Are weight loss shortcuts viable?

Sam Wendorf, Staff Writer

The U.S. has been the most obese nation on the planet for over two decades now. Food is pumped with unnecessary sugar and empty calories, the average lifestyle is more sedentary than active and seeing overweight people everywhere has become so normalized that we hardly notice it. Despite that normalcy, most people agree that this epidemic is deeply unhealthy. Therefore, we need to start paying more attention to diets and fitness. 

Unfortunately, our approach to the obesity epidemic has been horrendous on many fronts. Diet industries and fad supplements promise quick weight loss only to disappoint their customers. Gym memberships can be expensive, and fitness influencers give the impression that a person needs to spend a lot of time exercising to be healthy. Some social movements even try to convince overweight people that they are already healthy. But the most harmful approaches may be toward childhood obesity.

It is no surprise that in such an overweight country, children make up a fair portion of the statistics. One in five children in the U.S. is overweight.
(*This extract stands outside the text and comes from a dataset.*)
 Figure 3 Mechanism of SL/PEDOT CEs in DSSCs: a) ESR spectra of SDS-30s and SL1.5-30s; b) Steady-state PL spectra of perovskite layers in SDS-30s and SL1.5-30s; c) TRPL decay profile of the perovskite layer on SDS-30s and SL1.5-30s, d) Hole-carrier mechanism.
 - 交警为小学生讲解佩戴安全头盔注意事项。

That is well over five million young boys and girls who face health complications due to their weight. While obesity is a problem in adults, who have control of their own food and exercise choices, it develops into a much more extensive set of issues in minors, since they are often not old enough to make these choices for themselves.

Parents should be feeding their children good food and encouraging them to play outside or participate in sports at school. It is their job to ensure their kid is happy, healthy and productive by helping them build good lifelong habits. Far from employing such time-tested techniques, however, some parents are turning to shortcuts they can use to circumvent the attention they should be paying to their kids’ health and wellbeing.
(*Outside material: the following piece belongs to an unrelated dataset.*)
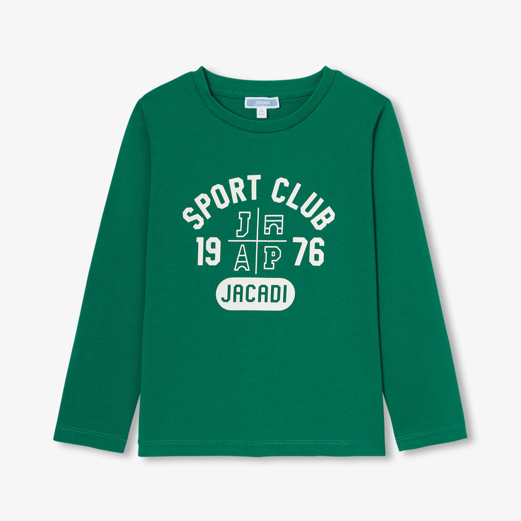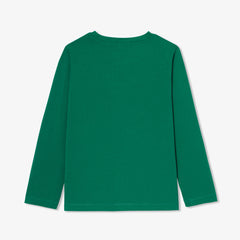 新シーズンのコーディネートにスポーティーなタッチを加える長袖Tシャツ。胸元のアニメプリントがカレッジ風のデザインです。ジップアップスウェットやスウェットパンツと合わせて、通園・通学や外遊びにも大活躍の一枚です。

One of these shortcuts is weight-loss medication. Instead of controlling the portions of the food they give to their children, parents are putting them on medications like semaglutide — also known as Ozempic — which tricks the brain into thinking they are full. Why teach them to control how much they eat, a lesson that will help them throughout their lives, when you can medicate their hunger away? This is lazy parenting at its finest and sets up dangerous precedents for the future.
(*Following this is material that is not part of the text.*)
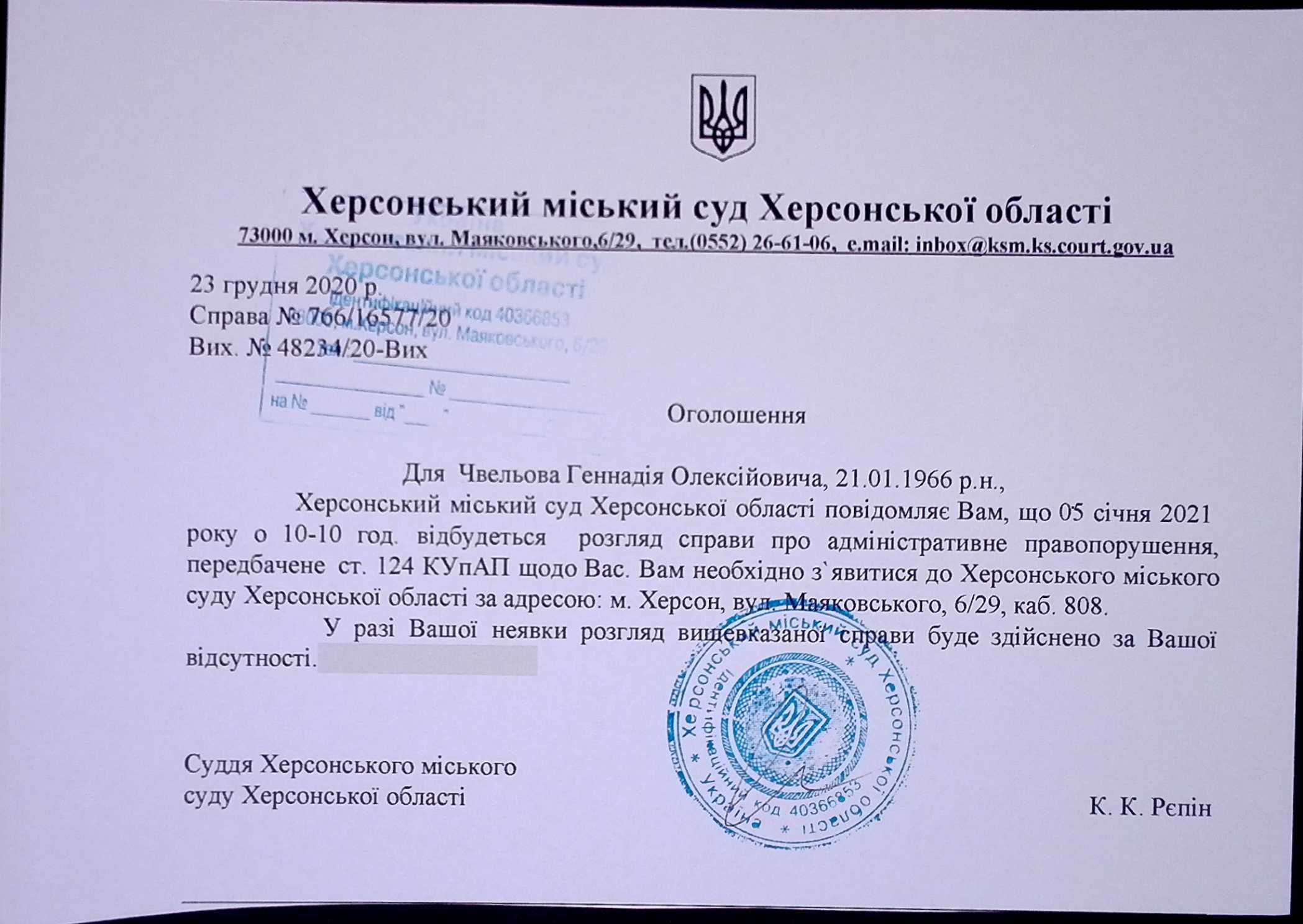 ОГОЛОШЕННЯ ПРО ВИКЛИК ДО СУДУ

If a child is taught that they can depend on medications for problems that can and should be approached through discipline and good choices, what else will they try to change through unnecessary substances in the future? And if we teach the younger generations that healthy diets and exercise are unnecessary, how can we expect the obesity epidemic to improve?

Obesity in the U.S. is the worst it has ever been, and it will only continue to get worse if we depend on everything but the right choices to deal with it.